In taking into account the last consideration, it must be born in mind that it is not the role of a single judge to determine definitively the merits of the intended appeal. That is for the full Court if and when it is ultimately presented with the appeal. In Athuman Nusura Juma v. Afwa Mohamed Ramadhan, CA No. 227 of 2015, this Court stated thus, on that issue:

“This Court has been careful to ensure that whether the intended appeal has merits or not is not an issue determined with finality by a single judge. That is why in virtually all its decisions on the considerations upon which discretion to extend time is exercised, the Court has prefixed the consideration whether the intended appeal has chances of success with the word “possibly”. ”

The applicant filed the Notice of Appeal as well as the letter be speaking the proceedings within time. It would appear that after obtaining the certificate of delay, the applicant did not lodge an appeal but chose to seek an order of extension of time by filing the instant motion on 19th September, 2018, well before time to file the appeal had run out.

Rule 4 of this Court’s rules provide:

“The Court may, on such terms as it thinks just, by order extend the time limited by these Rules, or by any decision of the Court or of a superior court, for the doing of any act authorized or required by these Rules, whether before or after the doing of the act, and a reference in these Rules to any such time shall be construed as a reference to that time as extended”.

Rule 75 (2) requires that a Notice of Appeal be filed within 14 days. The applicant complied with this rule. Rule 82 (1), on the other hand, requires that the appeal be lodged within 60 days of the date when the notice of appeal was lodged. The proviso to Rule 82 (1) is that where the letter bespeaking the proceedings has been copied and served upon the respondent, a certificate of delay issued by the registrar will exclude the period taken in typing the proceedings. All these, the applicant complied with. Its folly, it would appear that it failed to avail itself of the proviso to Rule 82 (1) of this Court’s Rules.

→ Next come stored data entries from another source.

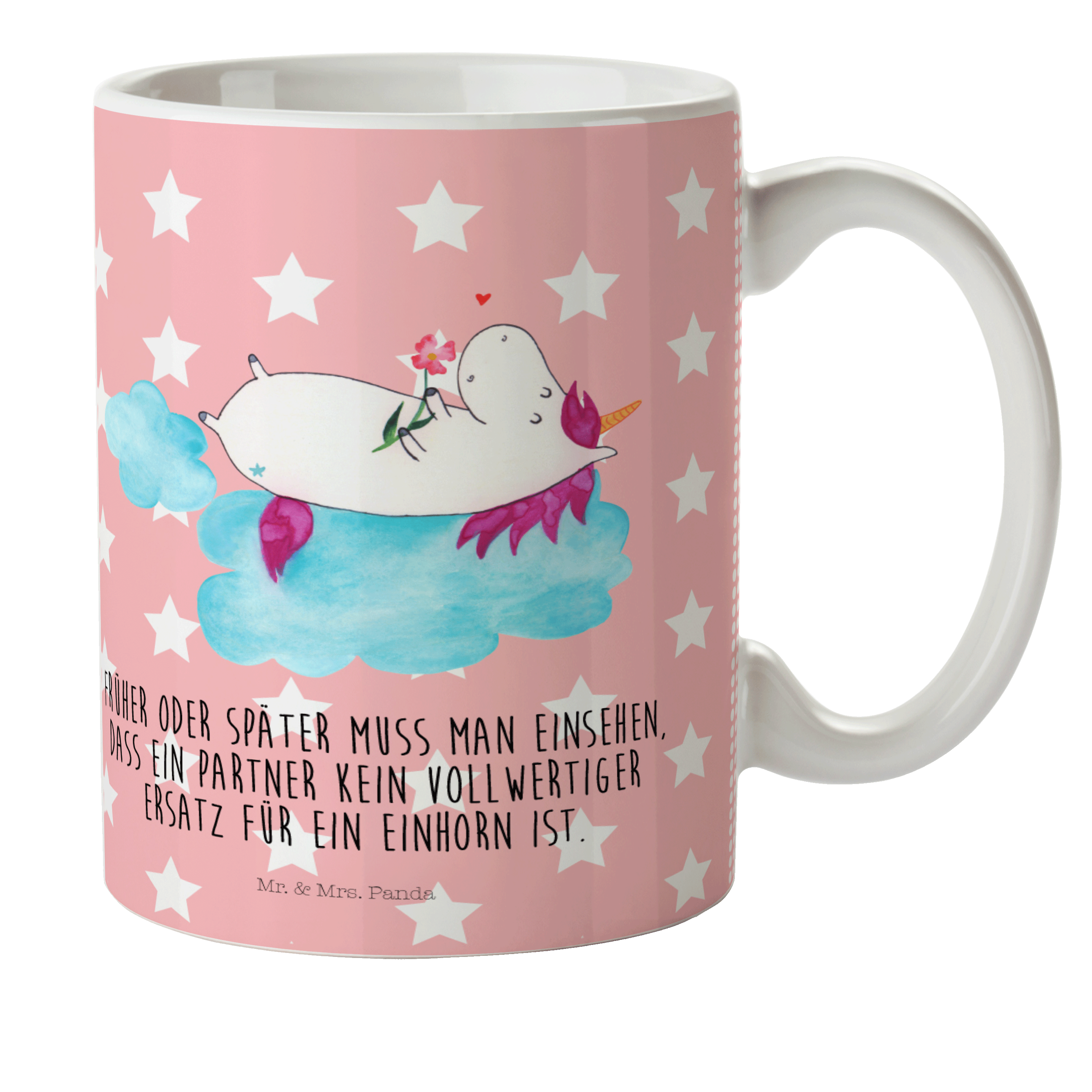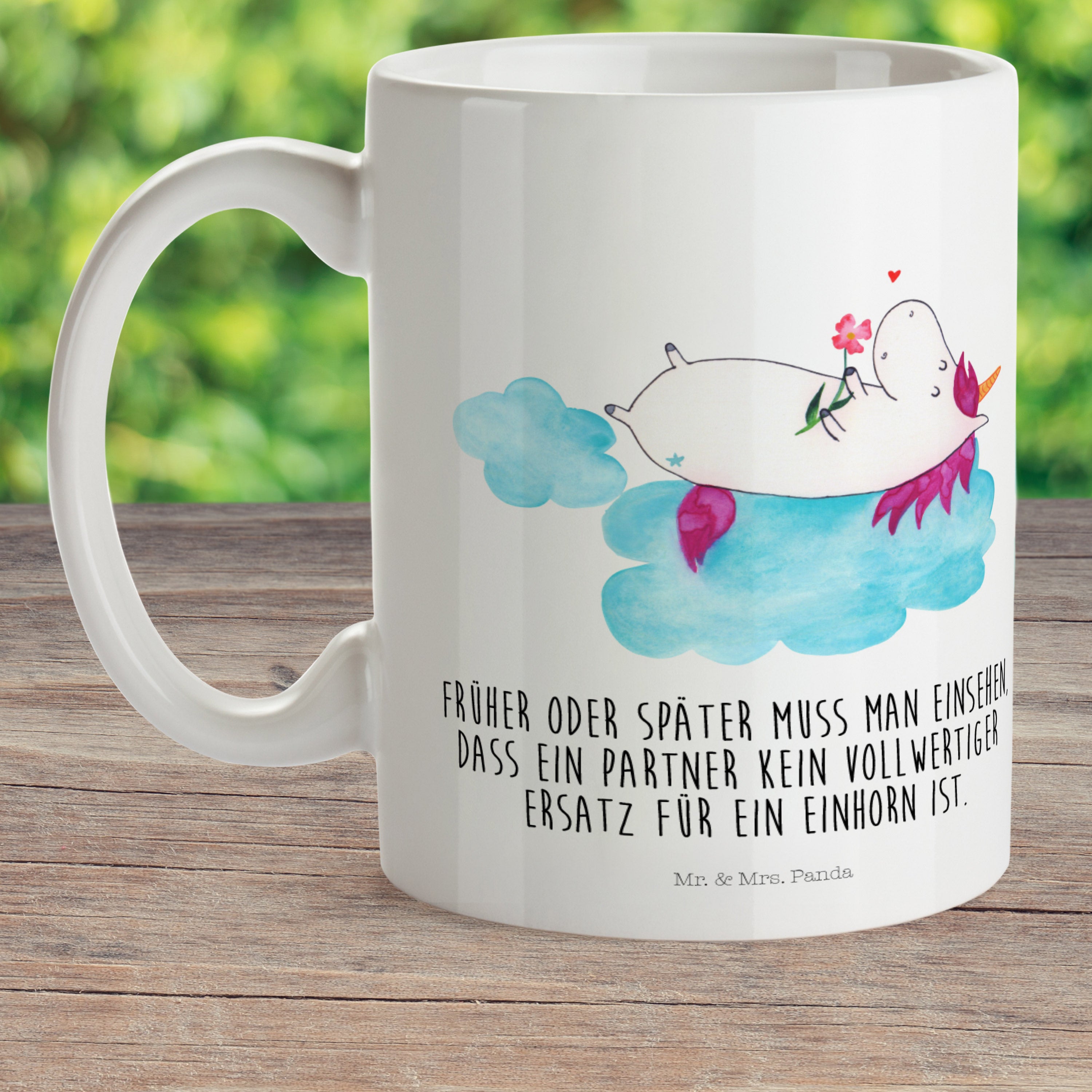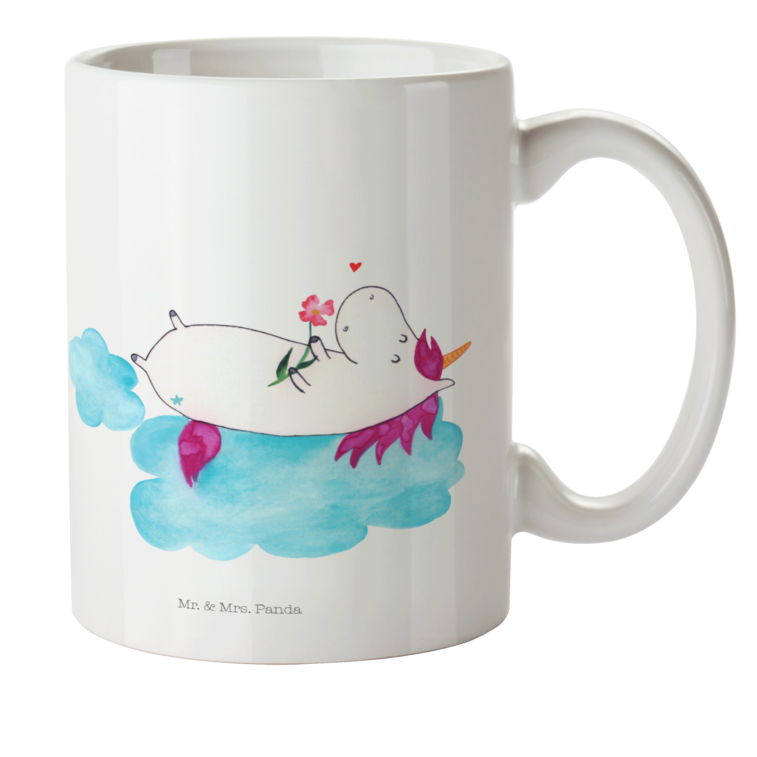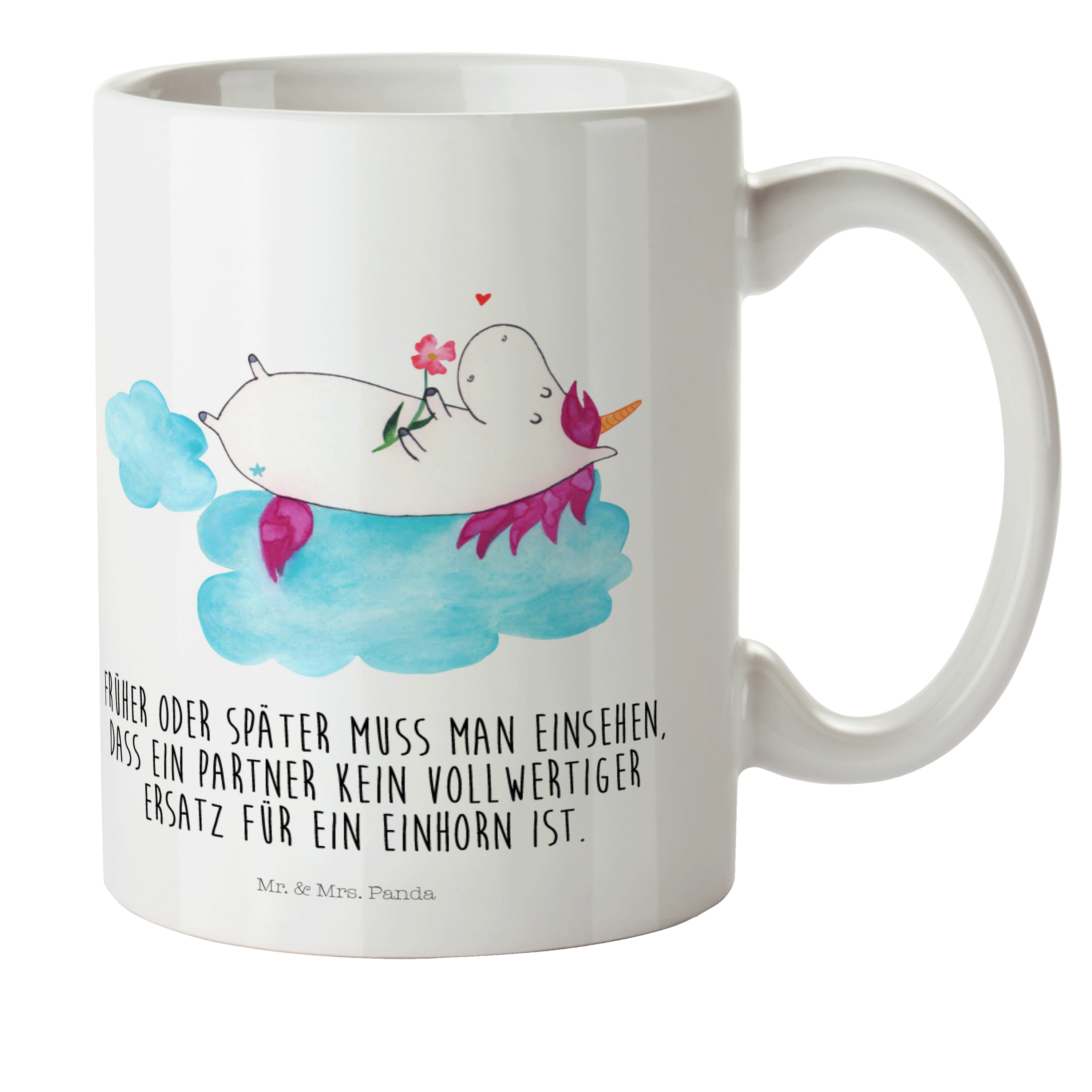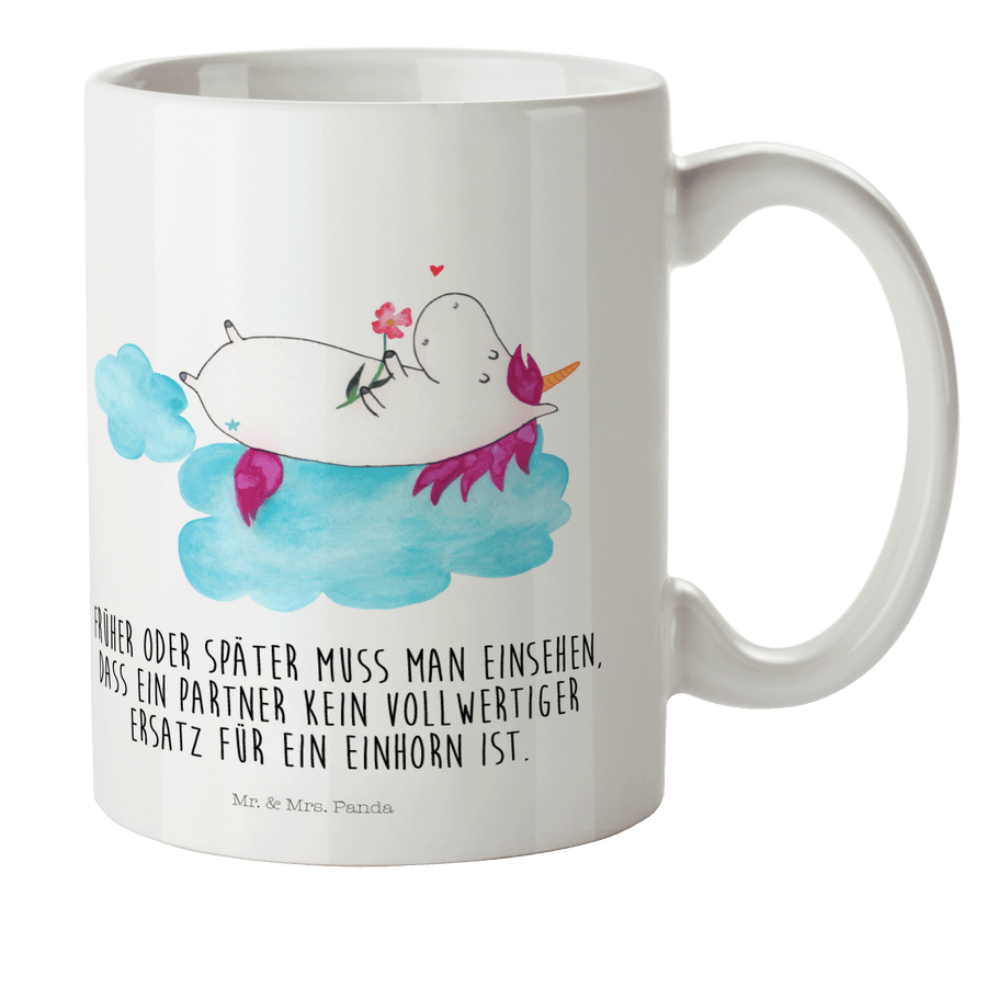 Kindertasse Einhorn verliebt auf Wolke - mit Spruch - Weiß
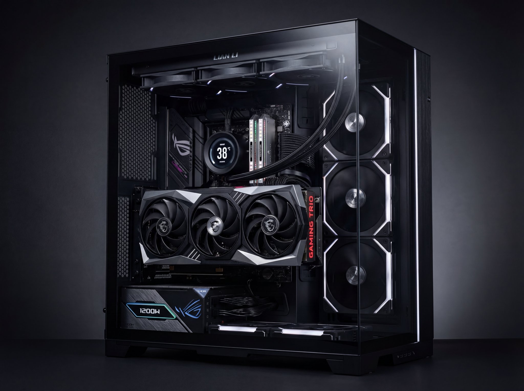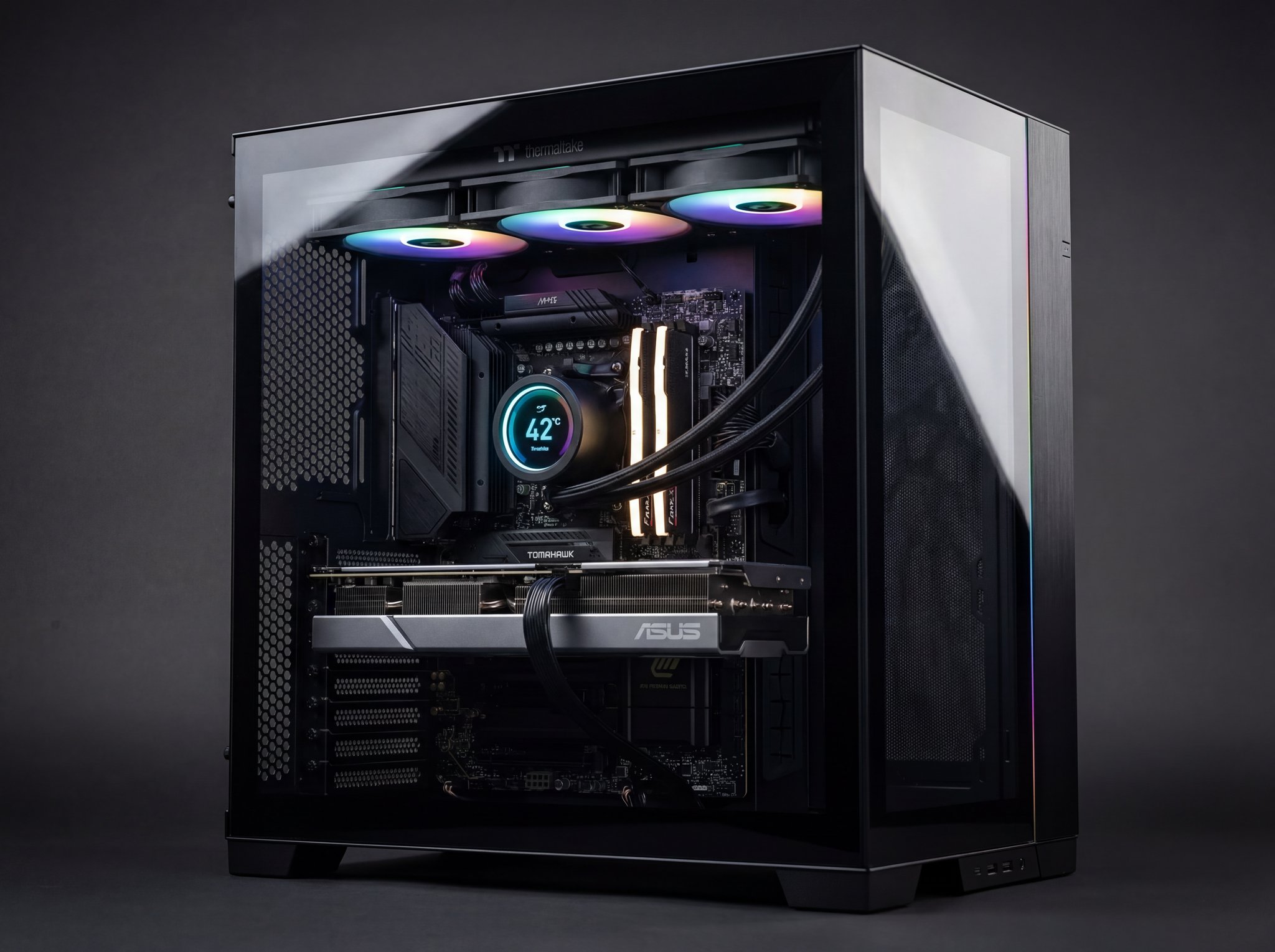 Not a configurator-output. An engineered system — every part picked for thermals, every cable routed for airflow, every fan curve tuned before it ships.
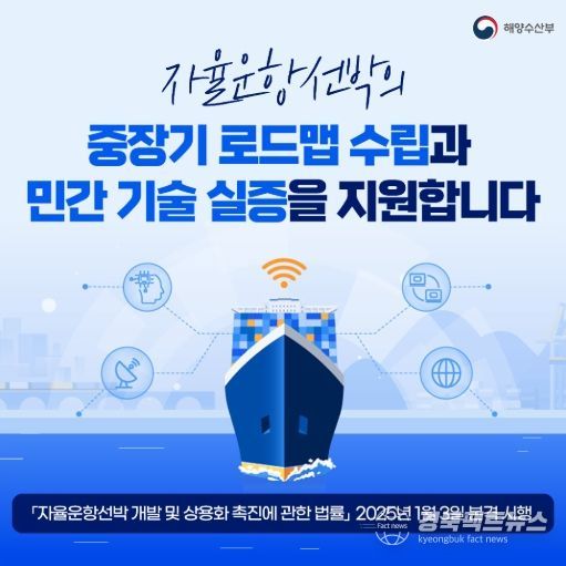 경북팩트뉴스 이경원 기자 | 자율운항선박의 중장기 로드맵 수립과 민간 기술 실증을 지원합니다.

This was a mistake on the part of the applicant and this necessitated delay, to the extent that the period certified by the Registrar as having been necessary to prepare the proceedings did not aid the applicant, and hence the delay. I appreciate that there was no draft memorandum of appeal annexed to the affidavit in support of the Motion. However, in my view, that is, but one of the considerations that may be taken into consideration. I do not think that failure to do so is fatal to an application where the rules have given the court discretion to do justice.

I am of the view that this application is for allowing and I grant the applicant leave to file the record of appeal within 14 days from today’s date.

Each party shall bear his/its own costs.

Dated and delivered at Nairobi this 11th day of October, 2019.

F. SICHALE

.....................................

JUDGE OF APPEAL

I certify that this is a true copy of the original.